宋嬷嬷拈起一块核桃仁放在口中嚼着,打量着卫岑脸上的笑容,心底已经盘算好了,要怎么告诉她碧螺的事。
“这核桃烘得不错,”宋嬷嬷点头赞许道,“核桃仁又酥又脆,让人吃后满口余香。”
那当然了!
卫岑有些暗暗得意道。
这可是她娘特意从邻居家的远亲手里,买的山货。也就是她娘疼她,将买来的核桃,让她舒舒服服地吃个够。
又想着她既是回家一趟,自然要带些什么小玩意,与院子里朝夕相处的众人打点打点关系。
她娘几乎是将家里大半的干核桃,都装进了她的包袱里,生怕不够分。
“嬷嬷喜欢吃,那我再替您敲几个!”
卫岑听宋嬷嬷对核桃赞不绝口,除了又侍奉着她喂了几口,又往提着包袱的碧霞口中塞了一块。
只是卫岑喂完碧霞核桃,才恍惚看见她手里的青皮素布包袱,转头问道:“碧霞姐姐这是要去哪里?”
宋嬷嬷见卫岑问起,还未来得及开口,就听悄悄红了眼圈的碧霞,吸着鼻子道:“阿橙,从今往后,你就住从前我与碧螺的那间屋子。我以后就与碧月一起住。”
原来是要她和碧霞换房间。
卫岑点点头,也没有太过在意,继续转过头敲着手里的核桃:“好端端的,怎么想起要和我换房间?难不成是碧月嫌我太聒噪,向嬷嬷您告状,不愿意和我一个屋子?”
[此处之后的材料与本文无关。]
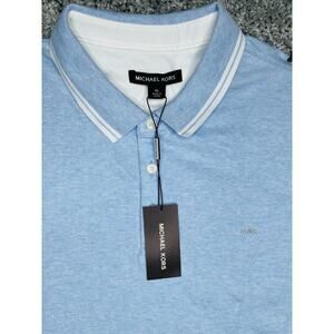 Crafted from light wash cotton, this shirt is machine washable for easy care and maintenance. Whether you're dressing up for work or going for a casual look on the weekend, this polo shirt is perfect for any season - from summer to fall to spring. Measures about 24" pit to pit and 30" length. Get ready to impress with this stylish and versatile polo shirt from Michael Kors.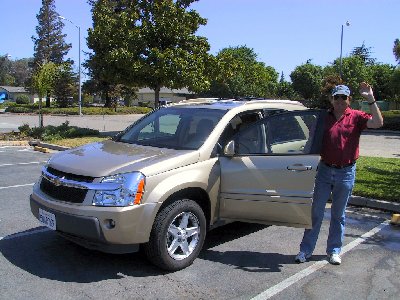 2:00: Ich throne im Auto wie der Burger King, stelle einen Country Music- Sender ein und wir begeben uns auf US 101 Richtung San Mateo Bridge. Da sagt meine Sibylla plötzlich: ‚Da steht Equinox,  kennst du dieses Modell?’. Ich beginne zu lachen, sie weiß nicht wieso. Ich erkläre, dass im Forum über dieses Auto Grundsatz- und ähnliche Diskussionen mit mehrseitigen threads geschrieben werden und ich habe das nicht einmal bemerkt, dass wir dieses Auto fahren. Na also, das kommt von lange warten, Ärger mit der Schalterlady und bilde mir ein, dass das hinten nicht draufsteht.  :wink: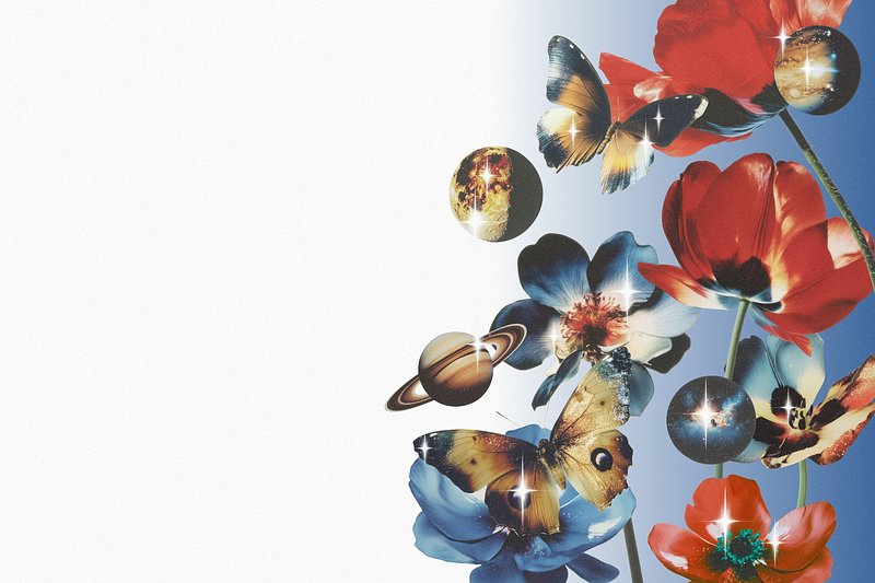 Colorful flowers and butterflies with planets on a white and blue gradient background retro vintage collage template design https://www.rawpixel.com/image/22773629/image-background-png-abstractView license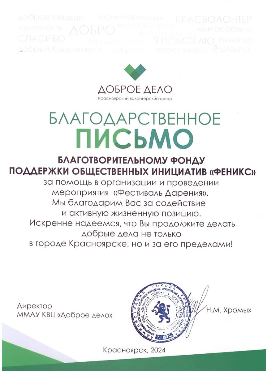 Наш президент Федюнин Василий Леонидович является председателем комиссии "Общество" Общественной палаты г.Красноярск Мы абсолютно открыты к инициативам, которые будут рождены за пределами нашего фонда, мы всячески готовы оказать содействие и поддержку всем амбициозным важным социальным проектам и их идейным вдохновителям.
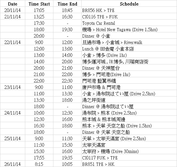福岡第一天的行程,很簡單就完結了,接下來的行程安排是這樣: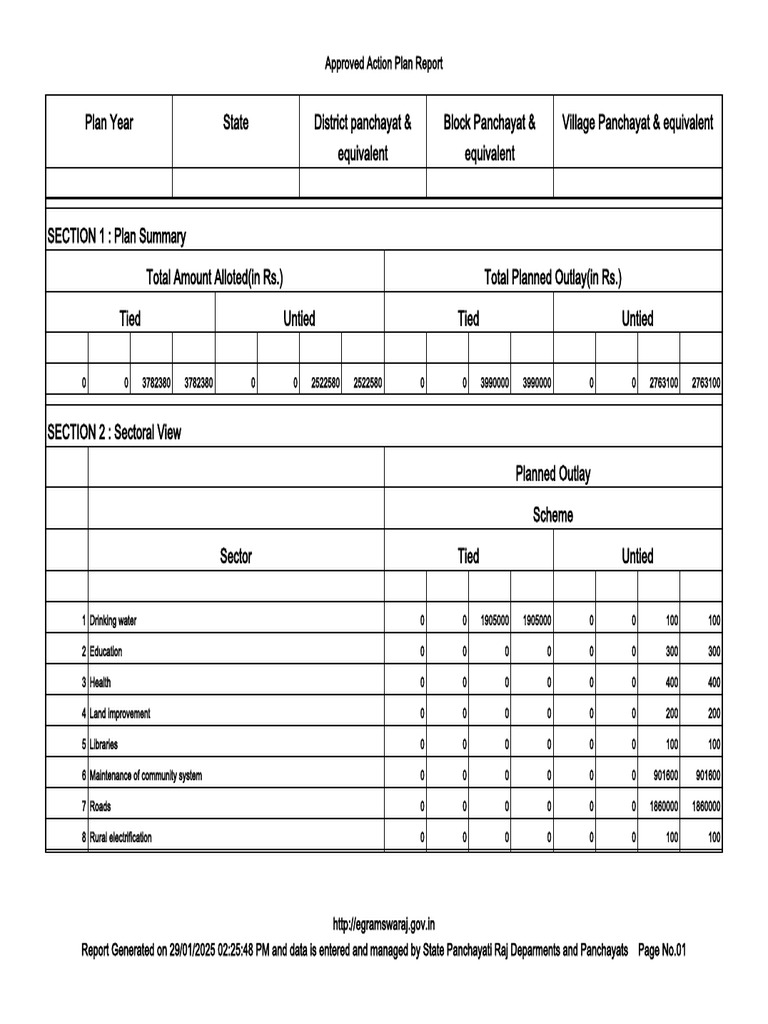 Report Generated on 29/01/2025 02:25:48 PM and data is entered and managed by State Panchayati Raj Deparments and Panchayats Page No.01

她说话时的语调轻松,脸上也带着一丝笑,可心里却泛起了一丝酸涩。
卫岑也知道她平日里叽叽喳喳个不停,可是她也没有办法。
这里除了伺候主子,再做些打发时辰的针线活,几乎再无什么可以消遣的事做。
春夏时节,裴行衍的病不似冬日里那么严重,甚至还能出门走动走动。而她,也能得空在春和郡主那里,替她摘花摘叶,制一些胭脂水粉。
而每到了冬日,裴行衍就病得几乎出不了门。
她除了日日侍奉在他身边,就只能与院子里的丫头小厮们说说话,不能再乱跑。
宋嬷嬷见卫岑误会了碧霞的话,赶忙解释道:“没有这回事。只是这是世子爷的吩咐,说那屋子离正房近一些。”
卫岑这下更是奇了。
原来不是旁人嫌她话多聒噪,而是裴行衍的意思。
可她在这西耳房里住了两年多,碧霞与碧螺的东耳房就紧挨着正房东梢间,怎么忽想起折腾这事?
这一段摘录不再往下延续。